My first job that required interacting with SQL regularly involved migrating tens of thousands of lines of legacy queries after dozens of columns and tables had been moved and renamed. This process took years. This process could have taken at most a couple of days had no one used table aliases (or at least avoided them when they were unnecessary).
How?
Consider the following query.
select
employeeid,
a.cust,
b.date,
c.first_name,
c.last_name
on employee as a
inner join customers as b
using(transactionid)
left join transactions c
on c.transactionid = b.transactionid
Don't think too hard about it. I made it up and what it does isn't important. Just imagine you were told transactions.first_name and transactions.last_name have moved to transactions_table.firstname and transactions_table.lastname respectively. Meanwhile, transactions_table is indexed on transaction_datetime_id instead of transactionid. Sure, you could spend a couple of minutes backtracking this new query and swapping out transactions for transactions_table, the join involving c.transactionid for c.transaction_datetime_id, and finally firstname and lastname for first_name and last_name respectively.
Now consider the following query.
select
employee.employeeid,
employee.cust,
customers.date,
transactions.first_name,
transactions.last_name
on employee
inner join customers
on employee.transactionid = customers.transactionid
left join transactions
on transactions.transactionid = customers.transactionid
Now imagine making the same changes. It should be immediately clear you can just run a few blind regular expression based substitutions on the query.

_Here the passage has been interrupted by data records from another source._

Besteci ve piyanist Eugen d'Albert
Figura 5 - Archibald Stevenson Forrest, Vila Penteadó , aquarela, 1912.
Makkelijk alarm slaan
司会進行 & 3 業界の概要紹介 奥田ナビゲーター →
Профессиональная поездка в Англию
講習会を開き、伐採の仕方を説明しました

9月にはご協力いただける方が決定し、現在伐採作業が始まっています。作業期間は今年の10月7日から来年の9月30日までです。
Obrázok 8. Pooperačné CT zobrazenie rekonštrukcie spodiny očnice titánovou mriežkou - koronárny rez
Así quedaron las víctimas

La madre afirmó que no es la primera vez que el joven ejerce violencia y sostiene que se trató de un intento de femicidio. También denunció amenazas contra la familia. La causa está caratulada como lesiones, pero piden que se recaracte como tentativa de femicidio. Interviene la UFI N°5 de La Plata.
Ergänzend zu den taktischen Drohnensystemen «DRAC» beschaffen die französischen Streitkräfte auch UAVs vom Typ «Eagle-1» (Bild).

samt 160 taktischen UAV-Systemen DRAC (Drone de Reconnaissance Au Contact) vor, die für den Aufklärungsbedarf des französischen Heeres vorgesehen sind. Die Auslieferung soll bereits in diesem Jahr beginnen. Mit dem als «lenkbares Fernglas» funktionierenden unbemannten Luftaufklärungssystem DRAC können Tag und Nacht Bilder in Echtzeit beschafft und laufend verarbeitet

transactions.transactionsid => transactions_table.transaction_datetime_id
transactions.first_name => transactions_table.firstname
transactions.last_name => transactions_table.lastname
(?<![A-Za-z0-9.])transactions(?![A-Za-z0-9]) => transactions_table
I'm not the first person to encounter this problem and I won't be the last (the group I met at a company I joined later went through the same painstaking process).
If you want to blame me for being new to heavy SQL at the time, then please note that my predecessor was a 4 year full-time SQL veteran and was the same person that wrote these queries that needed updating. He was already a year into the process of migrating them when he left and I took over. Tremendous resources are wasted because of unnecessary table aliases. Seriously.